Radiological Features
General Features
- Characteristically demonstrates evidence of infarcts in various organs due to vaso-occlusion.
- Frequently seen osteopaenia, medullary expansion, and cortical thinning in long bones on plain radiographs due to red marrow hyperplasia.
XR
- Sunburst pattern of periosteal reaction in the skull due to marrow hyperplasia.
- Crew-cut or hair-on-end appearance (rare) and widened diploic space on skull radiographs due to marrow hyperplasia.
- Fish-mouth vertebrae – biconcave endplates on spinal radiographs representing marrow hyperplasia with bone softening
- H-shaped vertebrae – central endplate depressions on spinal radiographs representing small infarcts of the endplates
- Autoinfarcted spleen – may appear as calcified mass in left upper quadrant
- Diametaphyseal infarction – lucent or sclerotic serpiginous/geographic foci
- Epiphyseal infarctions (avascular necrosis) – Most common in humeral & femoral heads. Sclerosis, subchondral fracture, coxa magna
CT
- Non-contrast: May show evidence of infarcts in the brain and other organs.

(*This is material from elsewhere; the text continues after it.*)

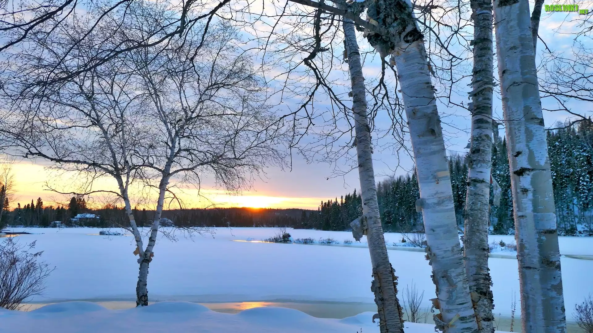Rośliny: Zima, Zaśnieżone, Jezioro, Las, Drzewa, Brzozy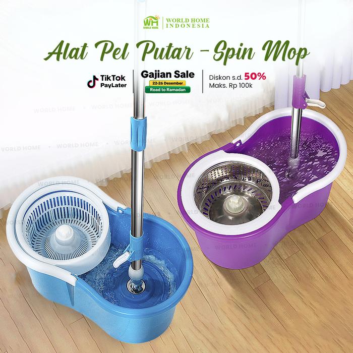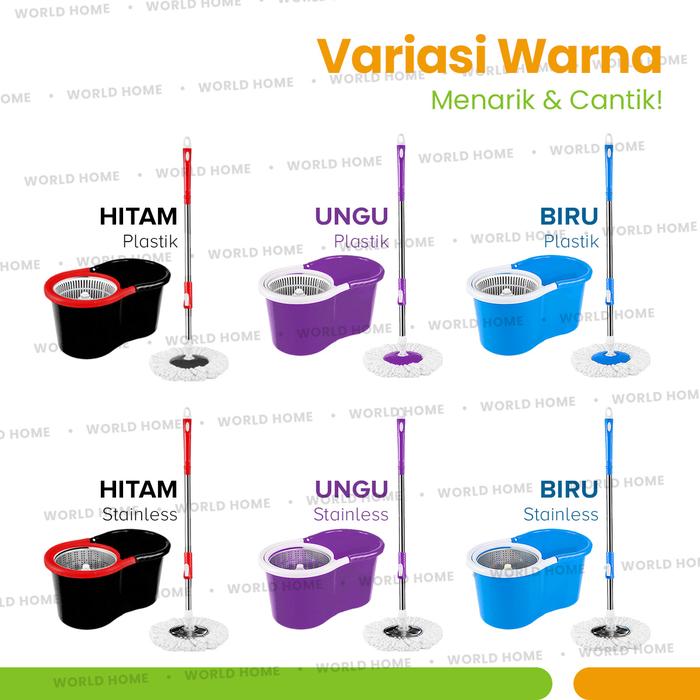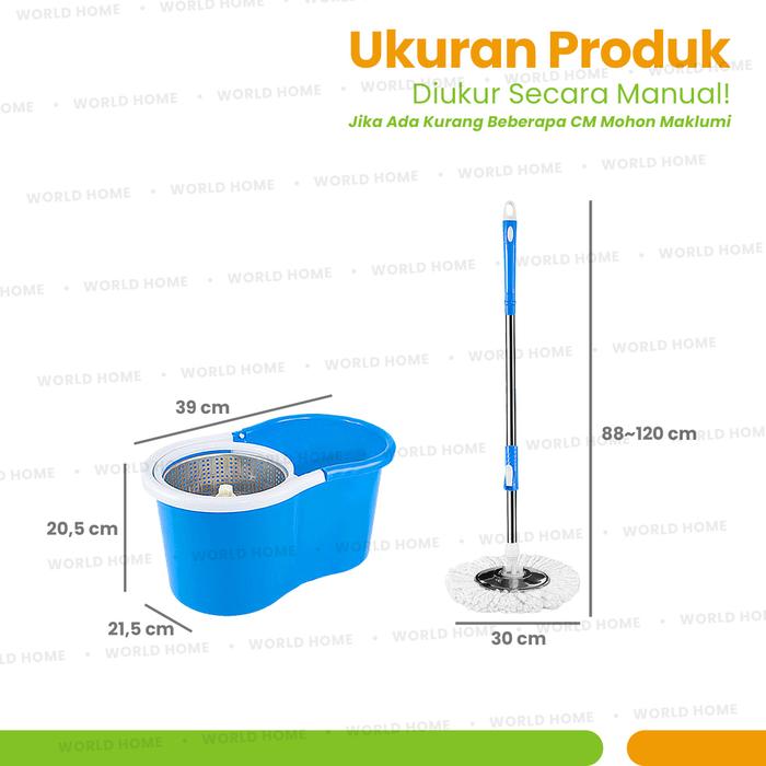 Worldhome - Alat Pel Lantai Ultra Pel Putar Pel Mop Tanpa Peras Tangan Kain Pel Lembut Ember Plastik [12] - Biru - Plast

- Contrast-enhanced: Liver and spleen may be enlarged. Autoinfarcted spleen may appear as calcified mass in left upper quadrant.
MRI
- Bone infarction: Marrow oedema with thin rim of enhancement around non-enhancing serpignious low signal intensity foci. Double-line sign – alternating bright and dark T2 serpiginous foci of chronic infarctions throughout medullary cavities & epiphyses.
- Osteomyelitis: Geographic, irregular marrow enhancement with contrast
- Red marrow hyperplasia: Bright yellow marrow is replaced by low T1 and intermediate T2 signal in nearly all long bones, with epiphyses and apophyses last to revert. Seen in chronic anaemia.
PET
- Tc-99m Sulfur Colloid: For confirmation of extramedullary haematopoiesis.
Grading and Staging
- WHO Functional Classification for Sickle Cell Disease: Classifies patients into four classes based on symptoms and complications.
Diagnosis
Diagnosis is confirmed by identification of HbS on haemoglobin electrophoresis.
Differential Diagnosis
- Thalassemia: Mediterranean descent, target cells on peripheral smear, confirmed with haemoglobin electrophoresis.
- Autoimmune haemolytic anaemia: Positive direct Coombs test, increased reticulocytes.
Management
- Supportive care: Includes pain management, hydration, and treatment of infections.
- Disease-modifying treatment: Hydroxyurea, blood transfusions, and stem cell transplantation.